Il 2 maggio, presunti affiliati all’Isis nel Grande Sahara hanno presentato tre civili nel villaggio di Tin-Hama nel Grande Sahara e hanno amputato loro una mani e un piede ciascuno.

“Condanno fermamente questi atti spregevoli. Tali punizioni corporali eseguite da gruppi armati al di fuori di qualsiasi quadro giuridico è una grave violazione dei diritti umani, compreso il diritto di ogni essere umano a un equo processo da parte di un tribunale regolarmente costituito”, ha detto El-Ghassim Wane, capo della Missione di stabilizzazione integrata multidimensionale delle Nazioni Unite in Mali.

Secondo una precedente versione circolata nella stampa, almeno due maliani erano stati intercettati dai militanti dell’Isis il 28 aprile verso Assore, a 15 km a nord di Asongo, sulla strada per Menaka, mentre stavano rapinando un veicolo di trasporto. L’amputazione degli arti, in pubblico, è stata la punizione inflitta dai radicali.

Per la Minusma, tali “abusi” sono punibili secondo la legge maliana. Gli sviluppi “ricordano gli orrori che hanno segnato la crisi del 2012 e dovrebbero essere un campanello d’allarme per tutti coloro che sono coinvolti nella lotta contro l’impunità in Mali”. La Minusma si è detta pronta “a sostenere le indagini in corso delle autorità maliane per combattere l’impunità”.
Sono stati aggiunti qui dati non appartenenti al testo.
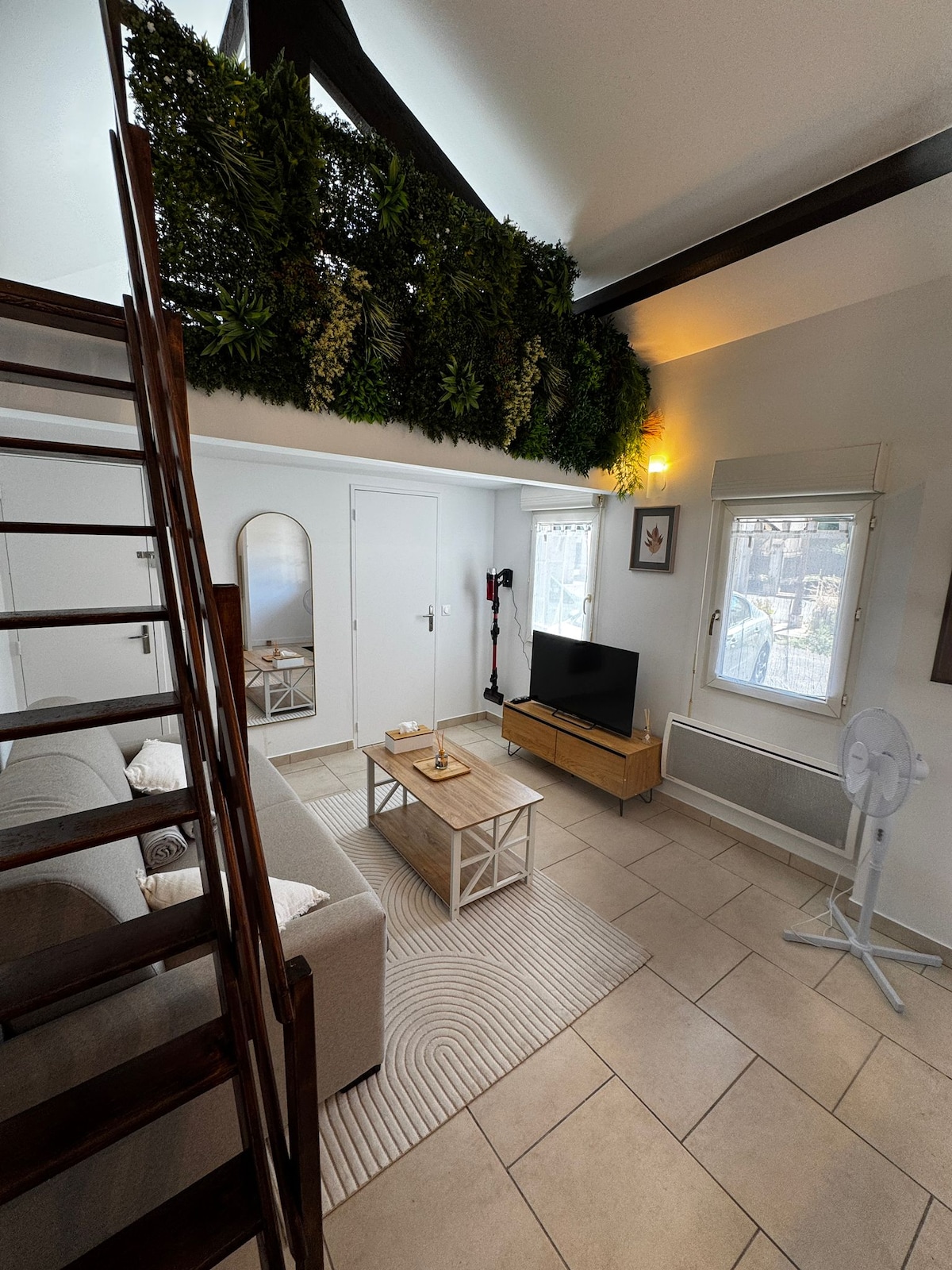 idéalement situé à proximité immédiate des commerces, restaurants et transports. Moderne, confortable et entièrement équipé, il est parfait pour un séjour en couple ou un déplacement professionnel, avec un accès autonome pour plus de tranquillité. Information importante Linge de lit inclus pour le canapé-lit. La mezzanine peut accueillir 1 à 2 personnes supplémentaires ; linge fourni sur demande (supplément à partir de 20 €, selon disponibilité et durée du séjour).

Alcuni osservatori sostengono che l’assenza dello Stato maliano in diverse aree del Paese lascia il campo aperto ai jihadisti che impongono le loro leggi. Gli analisti aggiungono che questo fa parte della strategia degli stessi jihadisti: mostrare a popolazioni esasperate dagli attacchi ai trasporti pubblici che loro sono la soluzione.

Gruppi jihadisti avevano effettuato amputazioni, lapidazioni, fustigazioni ed esecuzioni pubbliche in nome di una rigorosa interpretazione della legge islamica nelle grandi città del Nord, cadute nelle loro mani a marzo-aprile 2012, sulla scia di un conflitto tra il governo centrale e gruppi indipendentisti tuareg del nord. All’epoca, Amnesty International aveva denunciato le punizioni corporali inflitte “in nome della loro interpretazione della Sharia” dagli islamisti armati. L’organizzazione aveva anche denunciato l’utilizzo di bambini soldato da parte di gruppi armati, ma anche da parte delle milizie di autodifesa che erano allora  sono costituite nel sud del Paese “con il consenso e il sostegno delle autorità” nella prospettiva della liberazione del nord del Mali.

Contro l’avanzata dei gruppi islamisti fu lanciata nel gennaio 2013 l’operazione Serval da parte delle forze armate francesi. L’operazione si è successivamente trasformata in operazione Barkhane, tuttora operativa.